Los desocupados mayores de
45 años, tienen actualmente un aumento en la expectativa
de vida mayor que en épocas anteriores. Diríamos que llegan
a 30 o 40 años más, desde esa edad. Ser desempleado
es una agresión contra sí mismo, y afecta gravemente sus
vivencias morales, anímicas, económicas y familiares.
Además, sería contraproducente
renunciar a alcanzar un empleo digno, porque les faltaría
años de aportes y sus promedios de ingresos jubilatorios
serían bajísimos, ya que para la ley actual se computan
los últimos 10 años de aportes y no los mejores 10.

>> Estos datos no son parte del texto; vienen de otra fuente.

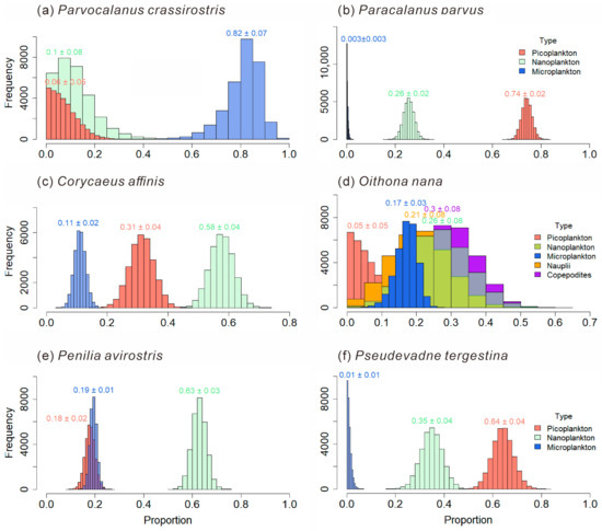 Food composition of main mesozooplankton species: Parvocalanus crassirostris (a); Paracalanus parvus (b); Corycaeus affnis (c); Oithona nana (d); Penilia avirostris (e); Pseudevadne tergestina (f).

Ni que hablar de la carencia de obra social, y la sensación
de sentirse "un inútil para todo servicio".
Por lo expuesto el grupo
etario de mayores de 45 años (¿hasta 70, 80,
90?) es el más expuesto a la exclusión social y a la pobreza,
por culpa del mayor responsable: el Estado.
En la actualidad, se está
trabajando mucho sobre la Responsabilidad Social Empresaria
(RSE). Una movida mundial que avanza mucho más de lo que
se publicita. Es indudable que los objetivos sociales y
humanitarios que enarbolan son plausibles y merecedores
de una atención más importante que la que actualmente se
les brinda. Sin embargo, cabría preguntarse: Cuando una
empresa excluye a un empleado porque alcanzó los 50 años
de edad, ¿es responsable socialmente? Sin otra causa
que haber cumplido medio siglo, ¿puede considerárselo
un inútil y despedirlo por "reestructuración de la
empresa"? ¿Realmente disminuyó su capacidad
mental, su raciocinio, su sensatez, sus conocimientos, como
para echarlo -literalmente- a patadas?
¿Qué está haciendo
el Estado para paliar estas situaciones? Lo sucesivos gobiernos
saben muy bien que cada vez hay menos aportantes por cantidad
de personas que se jubilan.
¿La solución está
en pagar menos a cada jubilado? ¿La solución está
en tener cada vez más pasivos que activos? ¿No será
que -definitivamente- hay que incentivar aumentar el trabajo
de los mayores de 45 años? ¿No necesita nuestro
país más activos que pasivos? ¿Y qué hace el Estado
para ello? Una batería de interrogantes que sólo el Estado
debe responder.
Sabemos que no se puede obligar
a las empresas privadas a tomar como empleado a quien no
quiere. Sea porque tiene más de la edad deseada, o por que
es morochita en lugar de rubia, o porque es gordita en lugar
de flaca. (Y ni hablemos de otros motivos: políticos, religiosos,
sexuales, etc.)
La Asociación 50 a 60 (www.asociacion50a60.org.ar)
presentó un proyecto ante las autoridades nacionales que,
sabemos, aún se está estudiando. Un paquete de propuestas
que contribuirían a disminuir esta segregación. Esperamos
-ansiosamente- alguna solución al respecto.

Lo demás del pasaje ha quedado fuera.